■ **Work to be completed**: The span to repeat in the listing below runs from the line containing "進(jìn)孔直徑10mm內(nèi)孔槽刀桿,切深2.2mm 圓弧槽R0.25 0.40" to the line containing "会上,产业链协同创新迎来多领", inclusive. Repeat it exactly, and only it.

■ **Data excerpt**:
----------------

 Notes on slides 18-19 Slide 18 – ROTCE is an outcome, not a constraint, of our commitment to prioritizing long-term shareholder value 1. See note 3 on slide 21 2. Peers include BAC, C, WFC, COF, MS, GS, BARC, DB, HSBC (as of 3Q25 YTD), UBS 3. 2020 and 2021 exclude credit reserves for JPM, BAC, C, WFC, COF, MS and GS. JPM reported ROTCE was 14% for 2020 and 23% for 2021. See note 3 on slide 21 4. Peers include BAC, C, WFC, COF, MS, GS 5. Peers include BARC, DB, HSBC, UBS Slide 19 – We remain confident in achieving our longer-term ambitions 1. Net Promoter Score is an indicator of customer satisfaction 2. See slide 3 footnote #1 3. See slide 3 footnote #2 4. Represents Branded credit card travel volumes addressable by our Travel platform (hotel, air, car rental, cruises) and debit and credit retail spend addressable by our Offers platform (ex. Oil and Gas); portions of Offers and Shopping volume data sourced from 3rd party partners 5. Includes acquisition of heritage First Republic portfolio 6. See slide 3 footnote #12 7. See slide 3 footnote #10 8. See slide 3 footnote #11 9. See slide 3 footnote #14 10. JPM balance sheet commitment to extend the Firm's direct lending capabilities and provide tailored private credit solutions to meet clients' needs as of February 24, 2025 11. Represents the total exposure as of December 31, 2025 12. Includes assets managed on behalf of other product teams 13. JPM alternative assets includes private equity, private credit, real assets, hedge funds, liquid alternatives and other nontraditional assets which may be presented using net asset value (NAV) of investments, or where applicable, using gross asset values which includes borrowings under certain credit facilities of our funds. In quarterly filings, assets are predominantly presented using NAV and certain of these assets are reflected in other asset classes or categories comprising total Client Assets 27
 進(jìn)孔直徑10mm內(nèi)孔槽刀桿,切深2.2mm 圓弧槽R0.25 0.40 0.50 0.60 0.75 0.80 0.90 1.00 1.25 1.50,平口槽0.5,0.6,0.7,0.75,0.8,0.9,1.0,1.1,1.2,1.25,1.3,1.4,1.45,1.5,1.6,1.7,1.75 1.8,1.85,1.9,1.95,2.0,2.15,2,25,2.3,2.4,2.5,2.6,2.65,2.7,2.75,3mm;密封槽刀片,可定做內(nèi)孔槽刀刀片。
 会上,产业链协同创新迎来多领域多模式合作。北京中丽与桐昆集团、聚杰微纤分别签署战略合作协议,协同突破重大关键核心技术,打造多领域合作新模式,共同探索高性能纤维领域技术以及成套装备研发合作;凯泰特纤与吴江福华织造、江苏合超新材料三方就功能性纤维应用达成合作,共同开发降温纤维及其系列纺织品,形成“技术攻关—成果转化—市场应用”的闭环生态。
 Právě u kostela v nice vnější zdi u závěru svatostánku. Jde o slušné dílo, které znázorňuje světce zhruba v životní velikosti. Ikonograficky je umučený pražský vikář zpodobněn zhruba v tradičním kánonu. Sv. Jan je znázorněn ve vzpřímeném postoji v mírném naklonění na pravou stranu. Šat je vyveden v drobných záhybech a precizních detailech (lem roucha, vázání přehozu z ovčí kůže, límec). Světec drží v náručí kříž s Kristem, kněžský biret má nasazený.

----------------

■ **Result**:
 進(jìn)孔直徑10mm內(nèi)孔槽刀桿,切深2.2mm 圓弧槽R0.25 0.40 0.50 0.60 0.75 0.80 0.90 1.00 1.25 1.50,平口槽0.5,0.6,0.7,0.75,0.8,0.9,1.0,1.1,1.2,1.25,1.3,1.4,1.45,1.5,1.6,1.7,1.75 1.8,1.85,1.9,1.95,2.0,2.15,2,25,2.3,2.4,2.5,2.6,2.65,2.7,2.75,3mm;密封槽刀片,可定做內(nèi)孔槽刀刀片。
 会上,产业链协同创新迎来多领域多模式合作。北京中丽与桐昆集团、聚杰微纤分别签署战略合作协议,协同突破重大关键核心技术,打造多领域合作新模式,共同探索高性能纤维领域技术以及成套装备研发合作;凯泰特纤与吴江福华织造、江苏合超新材料三方就功能性纤维应用达成合作,共同开发降温纤维及其系列纺织品,形成“技术攻关—成果转化—市场应用”的闭环生态。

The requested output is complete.